I was going to give Weem some exp on your behalf, but apparently _I_ need to spread it around too. lol.


----------



## LightPhoenix

weem said:


> And just to put some numbers up. This is the list of top XP earners, followed by (in parenthesis) their rank as far as total # of posts ("not listed" means they didn't make the top 100 list)...
> 
> Based on what you said, you would think at least the top 5 posters would make this list, when in fact only 1 poster from the top 20 does. 4 of the top 10 xp earners do not even make the top 100 list of posters.
> 
> Anyway, I'm just saying that they are not as directly related as some people think.

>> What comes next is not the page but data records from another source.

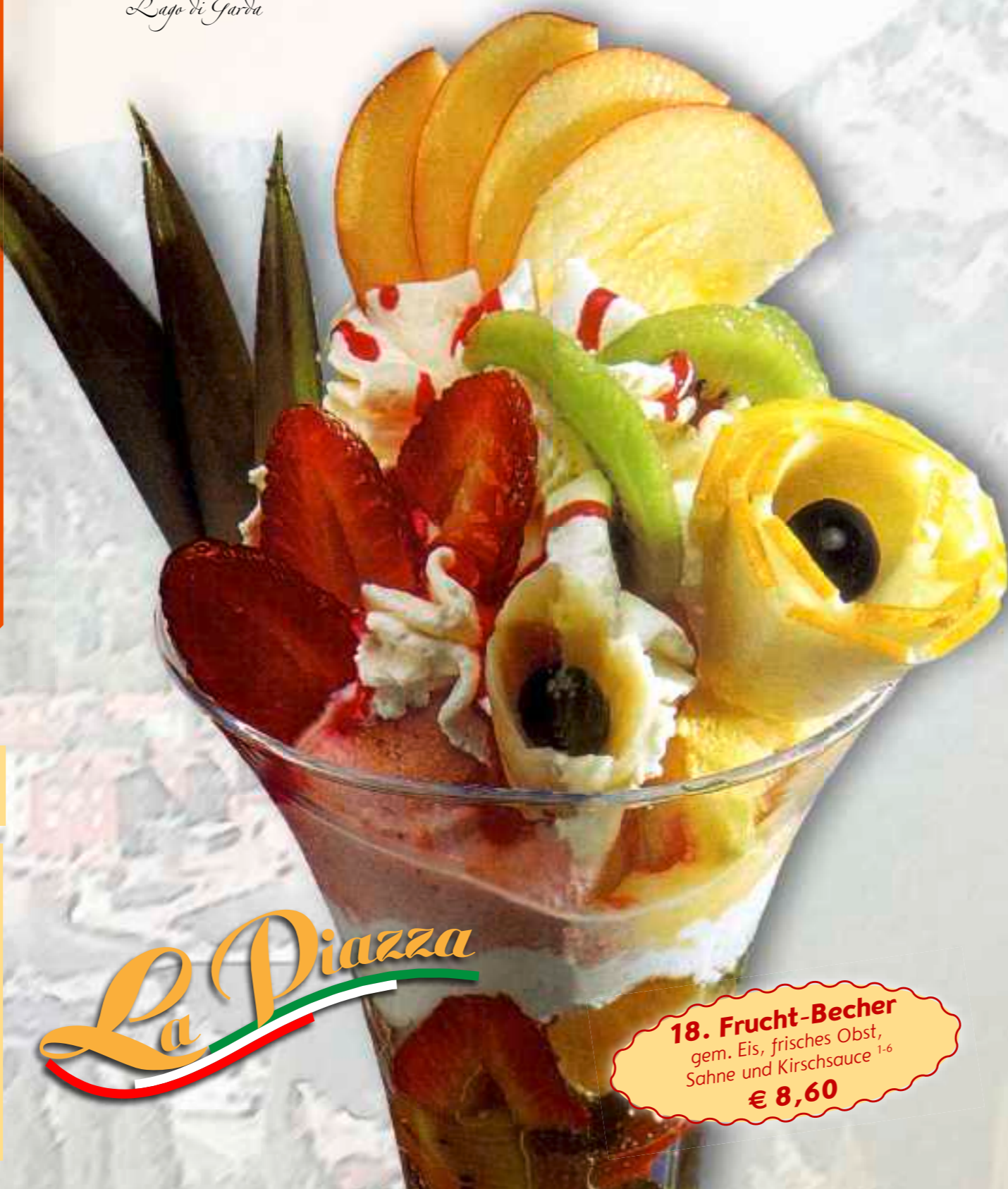
18. Frucht-Becher gem. Eis, frisches Obst, Sahne und Kirschsauce 1-6 € 8,60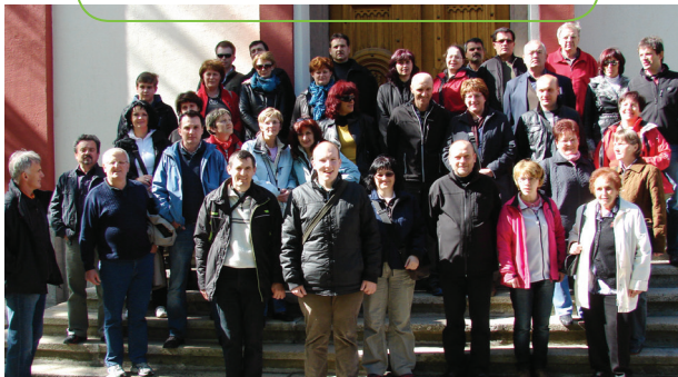
V Rekovcu v Srbiji (21.04.2012)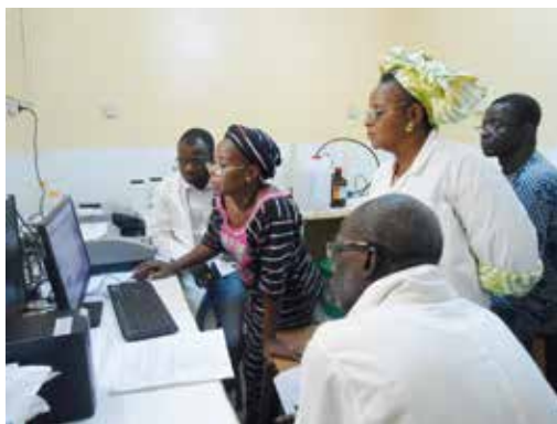
Photo 3 : Formation du personnel sur les techniques d'analyses du sang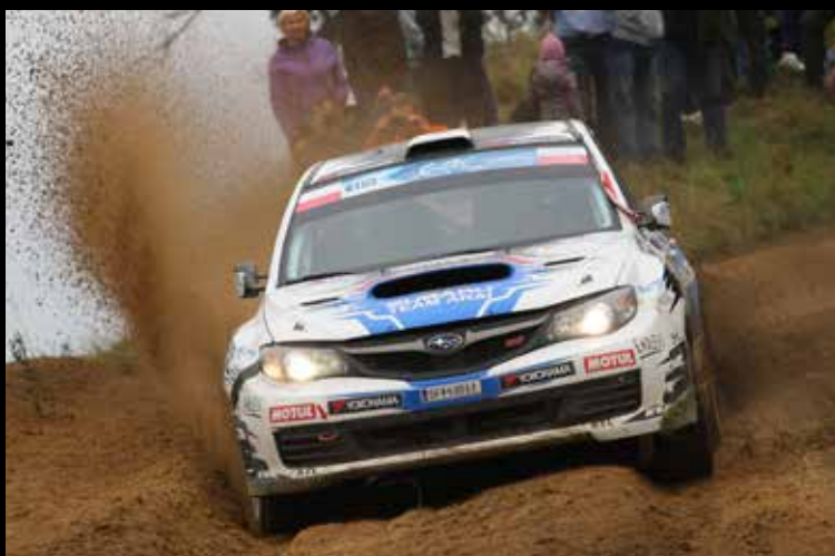
YOKOHAMA partenaire 2013 en E.R.C.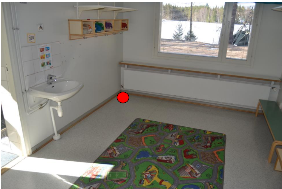
6.Huone 26, eteinen: Vanhan ulkoseinän kulmauksen nurkkaus.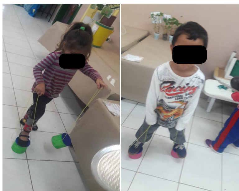
Figura 3 - Crianças brincando durante a intervenção utilizando os pés de lata

Por meio destas brincadeiras foi possível potencializar questões a estas áreas de conhecimento, como nos pés de lata (Fig. 3), onde além de desenvolver o equilíbrio e a coordenação motora ocorreram situações de auxílio entre as próprias crianças para se equilibrar sobre o brinquedo, o que demonstrou a potencialização de valores e virtudes, trazendo o ideal de se preocupar não apenas consigo, mas também com o outro, o qual é um dos aspectos da Educação Ambiental.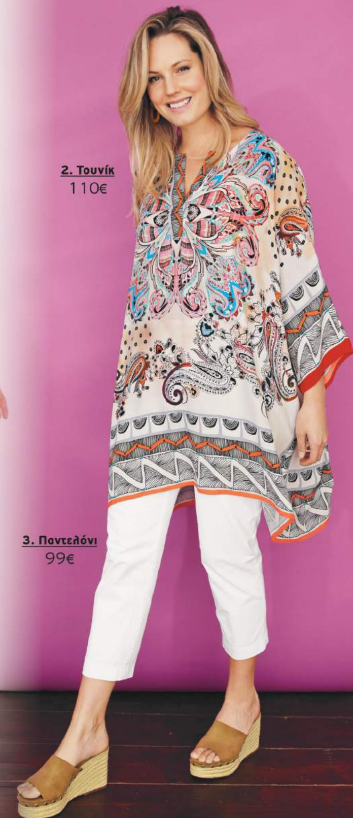
2. Τουνίκ 110€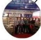
2013 Shenzhen Fair

That list is a little misleading, since the way top posters are calculated is not representative of prolific activity.

First off, top posters are only listed by the number of posts they have made, which is not a good indicator for a number of reasons.  The main reason is that number of posts is not representative of prolific activity.  For example - if a new member signs up and makes 100 posts in a day, that is prolific, but not enough to be a blip on the top posters board.

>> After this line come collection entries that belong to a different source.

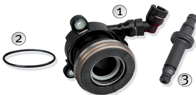
Рисунок 2: LuK CSC 510 0073 10 актуальная конструкция

Alfa Romeo: 159 Fiat: Croma (194) Opel: Astra G, Astra H, Combo, Corsa C, Corsa D, Meriva, Signum, Tigra, Vectra B, Vectra C, Zafira Saab: 9-3 Vauxhall: Astra Mk IV, Astra Mk V, Combo, Corsa Mk II, Meriva, Tigra, Vectra, Vectra Mk II, Zafira, Zafira Mk II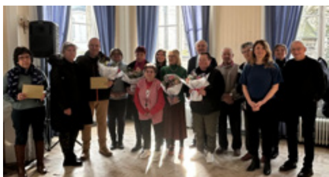
Remise des prix du concours des balcons et maisons fleuris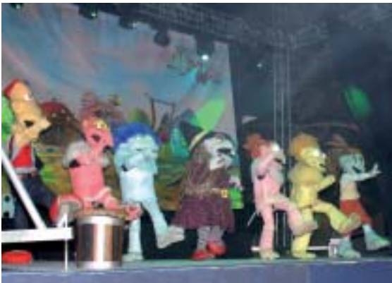
▲ Los Lunnis irrumpen en el escenario cantando una de sus populares canciones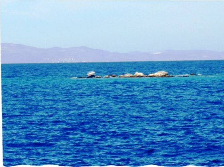
Speedbåden på skæret fotograferet dagen efter. Bemærk hvor heldige de trods alt var, at båden kunne skyde sig op på skæret.

iført badebukser. Jeg sprang ned i Skidtfisken, da Doralen havde visse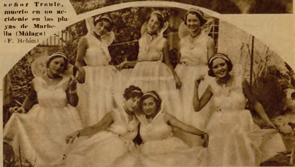
Este grupo de angelicales señoritas cartageneras tomó parte en un cotillón que se celebró con motivo de las fiestas verbeneras en la playa de Los Nietos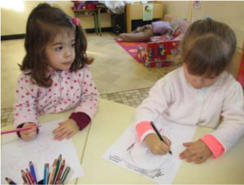
Je dessine un bonhomme (évaluation période 3).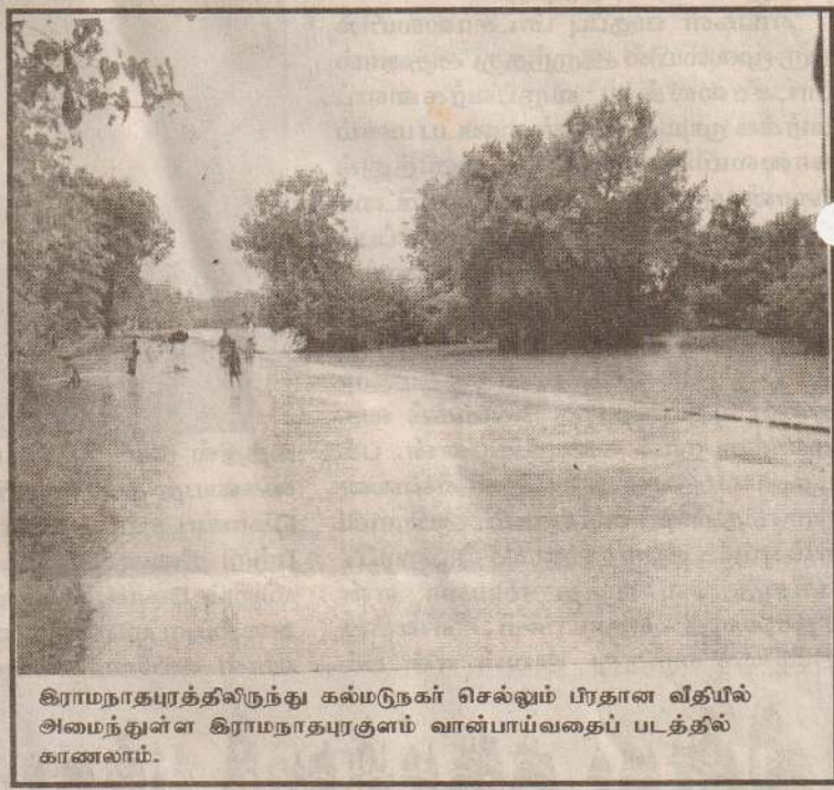
கிராமநாதபுரத்திலிருந்து கல்முனை செல்லும் பிரதான வீதியில் அமைந்துள்ள கிராமநாதபுரமும் வான்பாய்வதைப் படத்தில் காணலாம்.

தாங்கி வாகனம் மூலமாக - குடிநீர் விநியோகமும் மேற்கொள்ளமுடியாத நிலையுள்ளது. இதனால் இந்தப் பகுதி மக்கள் குடிநீரைப் பெற்றுக்கொள்வதில் பெரும் சிரமங்களை எதிர்நோக்கி வருகின்றனர்.

Obviously, the next choice is post rate as a measure of prolific activity.  Unfortunately this also has a fundamental problem - the calculation is too simple.  The boards just take number of posts over days of membership as a calculation.  That's too coarse to really say whether someone is prolific or not.  For example*, you have a rate of 0.46 messages a day; but you became a member way back in 2002.  Looking at your profile, your _current_ activity is more like 2 messages a day.

Even if we calculate rate from when XP started, that's _still_ not a good enough metric.  Simply put, there's the issue of -for-tat.  That is, who _gives_ the most experience may influence who _receives_ the most.  Unfortunately "XP Ratio" is not something that can, to my knowledge, be measured except individually**.  I can estimate; for example, Steel_Wind gave 2 experience and received 4 on May 7th.  However, as that's obviously an estimate it's not terribly reliable; it's too fine-grained.

XP Ratio is getting there, but still not quite good enough.  While XP Ratio addresses random give and take, it doesn't address the question of group give and take.  What you'd really need is a list of the top ten XP granters for each of the top ten XP receivers, and see if names pop up regularly or not.  If XP Ratio can only be estimated, a measurement like that would be right out of the question.  It would also be informative in answering a fundamental question - is there a situation where XP is artificially increased amongst the top receivers based on a social circle?  Not to say that's any sort of bad, but it would answer the concerns of those that think it promotes cliques.

So in short, while interesting, a comparison between post count and XP received means very little.  Unfortunately, everything else is pretty much out of our hands to calculate, unless Morrus, or possibly one of the mods, chooses to do so.

* Not picking on you, but you're an excellent example of the reason why post rate is not a good metric.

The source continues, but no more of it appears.